When I was 17, I was reading an article about MADD - Mothers against drunk driving. This mother was taking her heartbreak to schools to teach youth about drunk driving. I remember thinking, “I wish I believed in something so strong that I could stand up in front of people.” I have found that something and He has given me His boldness! I am blown away with the ways God has used me. I am in shock that people are calling me to speak - He just snuck that right in there. Me speaking is an impossibility but He is a God of impossibilities! Don’t forget that! If you think something is impossible, nothing is impossible with God! Matthew 19: 26, "But Jesus looked at them and said to them, 'With men this is impossible, but with God all things are possible.'” Luke 1: 37, "For nothing will be impossible with God." Mark 10: 27, "But Jesus looked at them and said, 'With men it is impossible, but not with God; for with God all things are possible.'”

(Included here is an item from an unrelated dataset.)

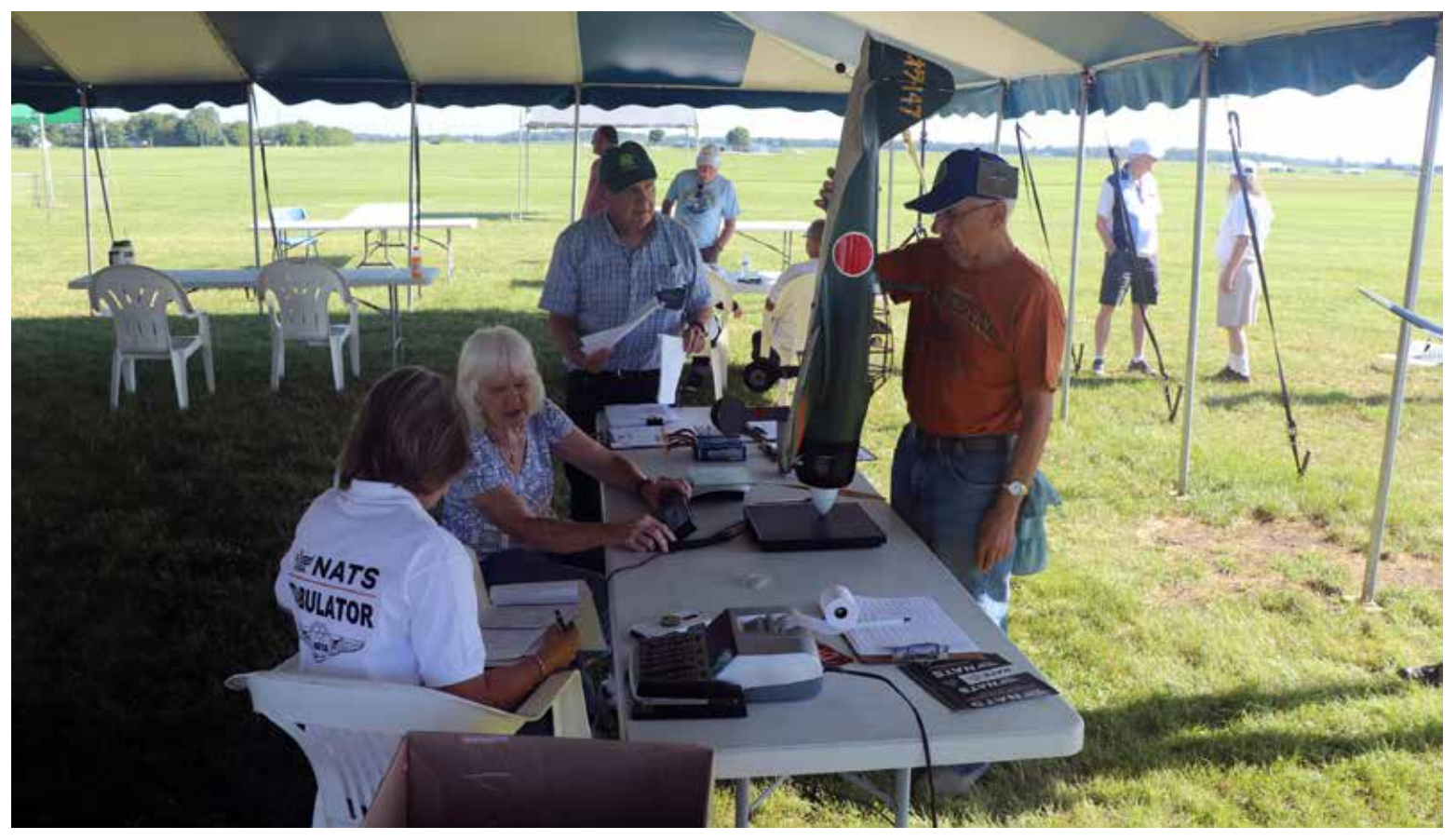
Registration included weighing the models and getting the information on the type of aircraft flown.

That night as I was crying about being so scared of speaking in front of people. It was exhausting always running. It was exhausting trying to always find out what might be around the corner. I wished I could speak in front of people. God told me that day that one day I would speak in front of large crowds. I never believed Him. Or maybe I just ran. Maybe I buried it. I do not know what the future holds but I know that with God there is peace, healing and restoration.
God knew when I was 17 that I would be given opportunities to speak. And He knew I would finally come to the table, excited and trusting Him! It makes Psalm 37: 4-5 come alive, “Delight yourself also in the Lord, And He shall give you the desires of your heart. Commit your way to the Lord, Trust also in Him, And He shall bring it to pass." You know, when I said I wished I could speak in front of people, I never thought of that being a desire of my heart! But I did commit and I am still learning to trust and He brought it to pass!
When God heard me say, "I wish I believed in something so strong that I could stand in front of people and speak", He heard me. And for 43 years He has pushed me to take baby steps to get to the desire of my heart. Until I prepared for the most recent ladies tea, I had never realized that the thing that brought me the most fear was the desire of my heart! Baby steps for 43 years but He brought it to pass!